Work to complete.
In the entries below, which lines run from the one with "Las fechas de" through the one with "Fully walled garden"? Repeat exactly those, both included, and no pictures.

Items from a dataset

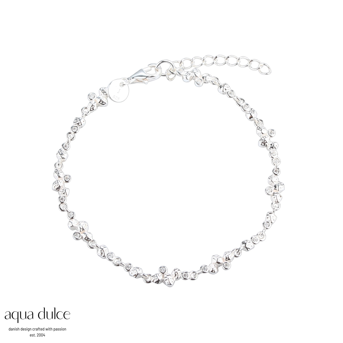 Fint armbånd med zirkonia i sterlingsølv fra Aqua Dulce. Armbåndet findes i sterlingsølv og forgyldt sterlingsølv. Det måler 17 cm + 3 cm i justerbart stykke.
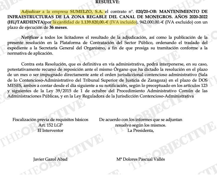 Las fechas de esa operación son uno de los principales focos de sospecha. El pago se registra en los últimos meses del año, en el cuarto trimestre. Justo en el momento en que Sumelzo S.A. se había llevado la adjudicación del «mantenimiento de infraestructuras de la zona regable del Canal de Monegros. Años 2020-2022» por parte de la Confederación Hidrográfica del Ebro (CHE), dependiente del Ministerio de Transición Ecológica, que en aquel momento dirigía Teresa Ribera.
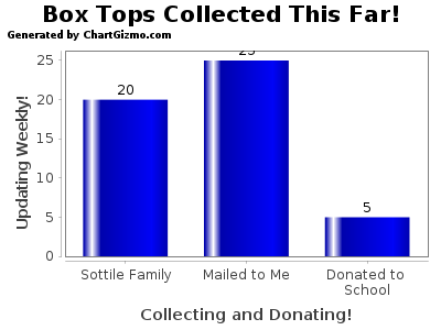 To show my appreciation, I have pledged to donate in cash to the school the same amount of box tops collected by the kind people of the blogosphere! With 45 collected in the past week, I rounded up and donated 5.00 to the school! Let's get rolling!! Remember, every little bit helps!
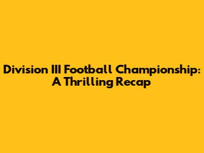 Division III Football Championship: A Thrilling Recap
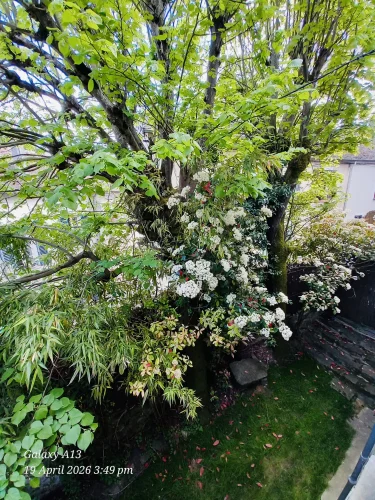 Fully walled garden with a magnificent and large ancient oak porte cochere (possibly one of the oldest coach gates in France). The courtyard has an ancient stone archway and walls with two magnificent linden trees and an ancient stone bench and steps. The garden has a terraced area and is fully enclosed with stone walls and is without vis-à-vis; it has a variety of fruit trees (apple, cherry, almond, and peach), a wood shed, and off-street parking.
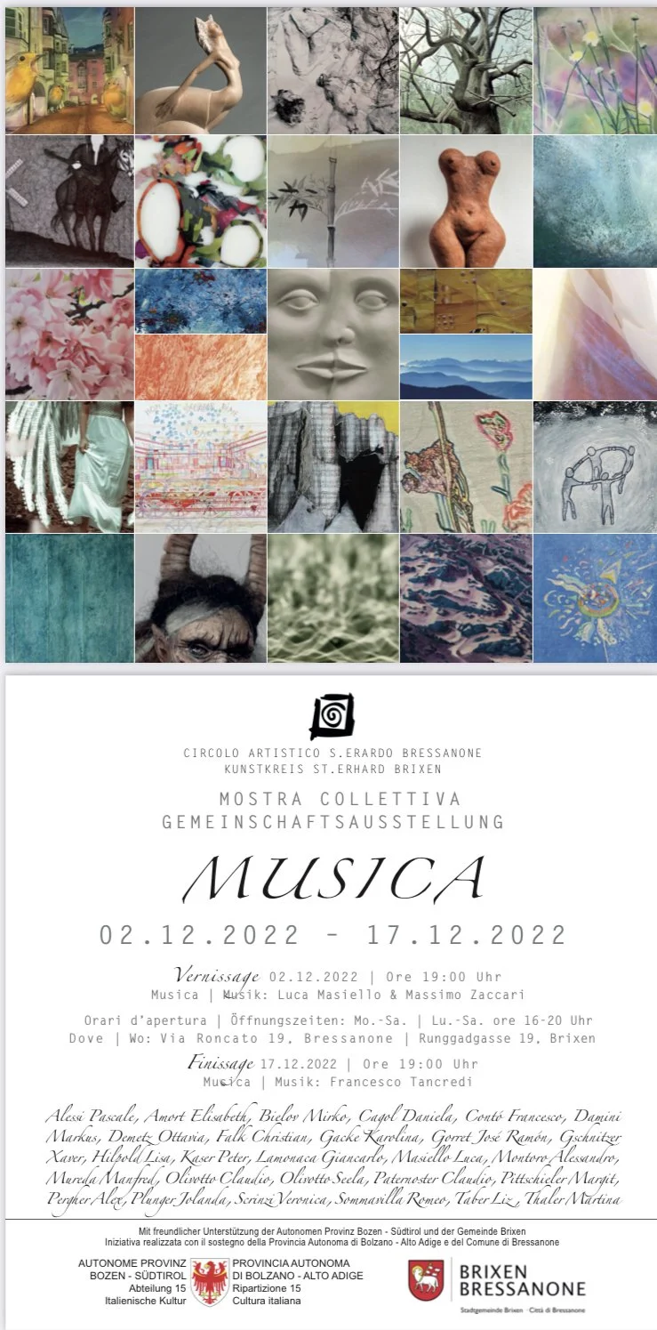 I am happy to be taking part in this group exhibition in Brixen, South Tyrol. Different local artists will be exhibiting artwork on the theme of “music”.
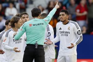 体育资讯2月16日讯 西甲第24轮,十人皇马1-1奥萨苏纳。本场比赛,主裁判何塞-穆努埃拉对皇马的多次判罚引发争议。
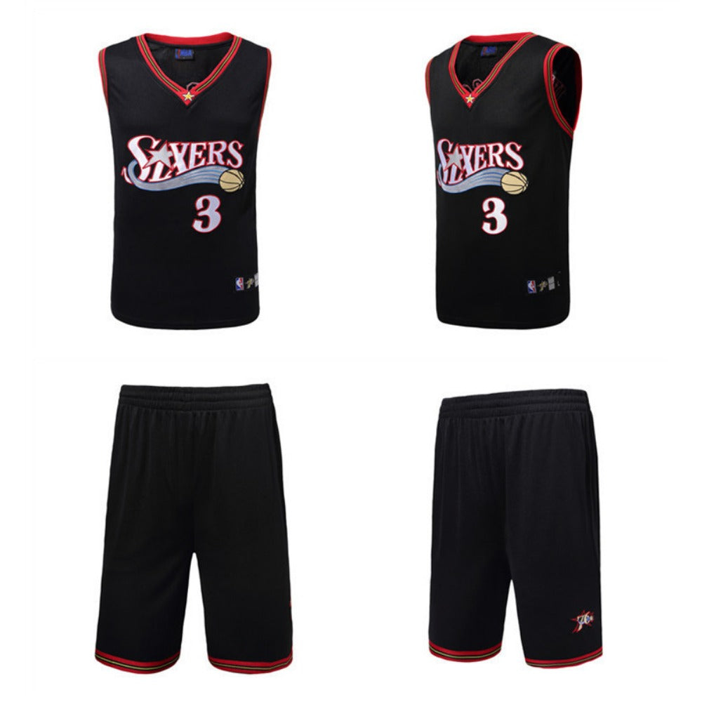 Iverson #3 Retro 76ers Breathable Basketball Jersey Pants Set Embroidery Youth Size- Adult Size
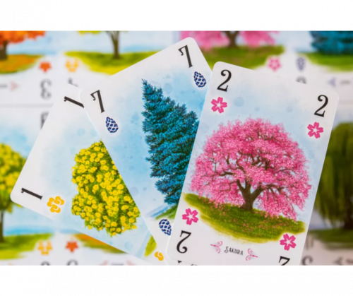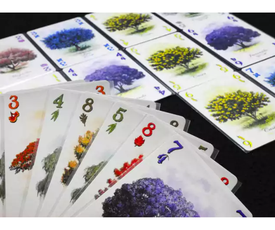 La baraja tiene cartas en diez colores diferentes, y cada color presenta una especie diferente de árbol; cada color tiene cartas numeradas del 1 al 8, y la cantidad de colores utilizados depende de la cantidad de jugadores.
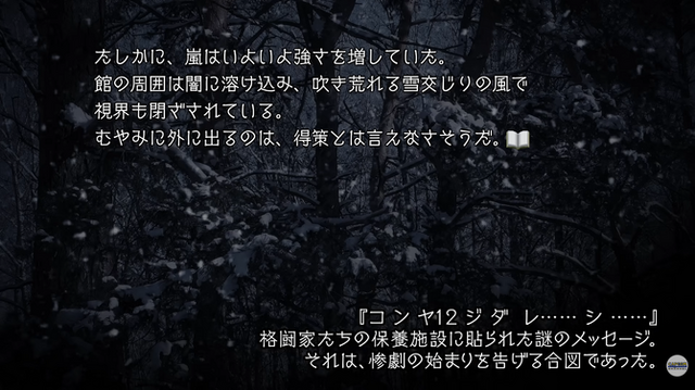 雪で閉ざされた山荘で起こる惨劇。この謎を果たしてプレイヤーは解き明かせるのでしょうか?

Output below.
 Las fechas de esa operación son uno de los principales focos de sospecha. El pago se registra en los últimos meses del año, en el cuarto trimestre. Justo en el momento en que Sumelzo S.A. se había llevado la adjudicación del «mantenimiento de infraestructuras de la zona regable del Canal de Monegros. Años 2020-2022» por parte de la Confederación Hidrográfica del Ebro (CHE), dependiente del Ministerio de Transición Ecológica, que en aquel momento dirigía Teresa Ribera.
 To show my appreciation, I have pledged to donate in cash to the school the same amount of box tops collected by the kind people of the blogosphere! With 45 collected in the past week, I rounded up and donated 5.00 to the school! Let's get rolling!! Remember, every little bit helps!
 Division III Football Championship: A Thrilling Recap
 Fully walled garden with a magnificent and large ancient oak porte cochere (possibly one of the oldest coach gates in France). The courtyard has an ancient stone archway and walls with two magnificent linden trees and an ancient stone bench and steps. The garden has a terraced area and is fully enclosed with stone walls and is without vis-à-vis; it has a variety of fruit trees (apple, cherry, almond, and peach), a wood shed, and off-street parking.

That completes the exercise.